> [The data]

====

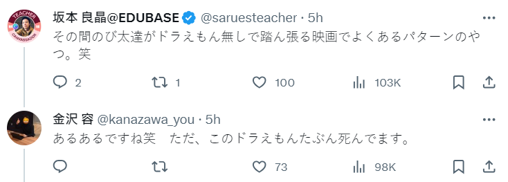 也有人表示這個場面也很像某些劇場版電影的情節,大雄與夥伴們在缺少哆啦 A 夢的情況下必須繼續前進的情節。
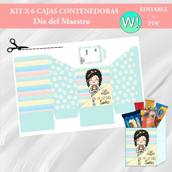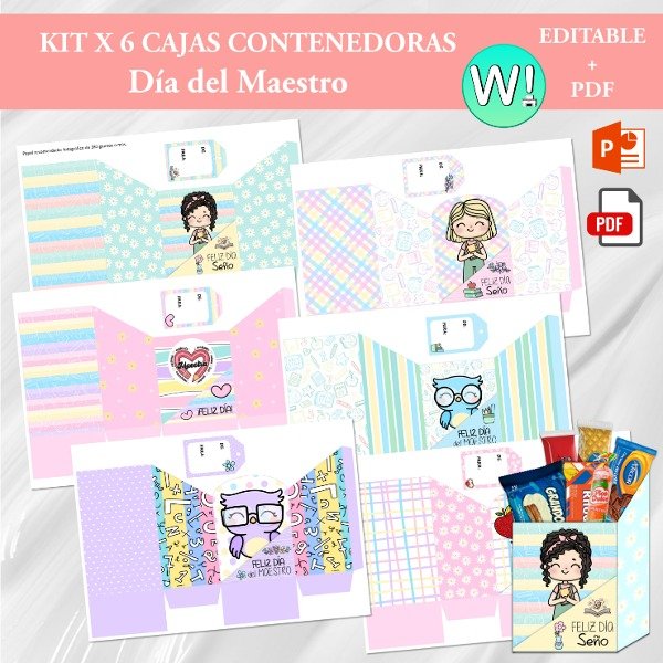 El kit contiene 6 modelos de cajas contenedoras (sin tapa) editables en PowerPoint y PDF listo para imprimir.
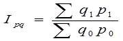 Ipq = (50,4 + 53,6) / (36,8 + 31,2) = 1,53 Общий индекс цен найдем по формуле:
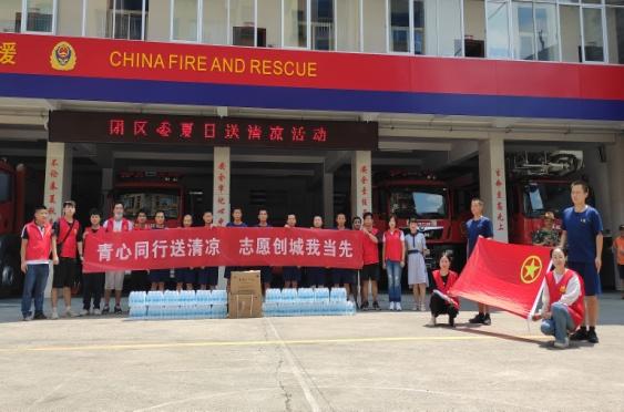 为向在高温下坚守的户外一线工作者们表达敬意、送上爱心,7月26日,共青团三明市委积极组织青年志愿者们到三明广场志愿服务驿站、梅列消防大队、沪明小学项目工地等8个公共场所,为户外一线工作者们送上了2000份清凉解暑用品,给他们在炎热的夏天带去一丝清凉。

====

> [Task details]
Word for word, restate the material above; do not carry over the pictures.

> [Solution]
 也有人表示這個場面也很像某些劇場版電影的情節,大雄與夥伴們在缺少哆啦 A 夢的情況下必須繼續前進的情節。
 El kit contiene 6 modelos de cajas contenedoras (sin tapa) editables en PowerPoint y PDF listo para imprimir.
 Ipq = (50,4 + 53,6) / (36,8 + 31,2) = 1,53 Общий индекс цен найдем по формуле:
 为向在高温下坚守的户外一线工作者们表达敬意、送上爱心,7月26日,共青团三明市委积极组织青年志愿者们到三明广场志愿服务驿站、梅列消防大队、沪明小学项目工地等8个公共场所,为户外一线工作者们送上了2000份清凉解暑用品,给他们在炎热的夏天带去一丝清凉。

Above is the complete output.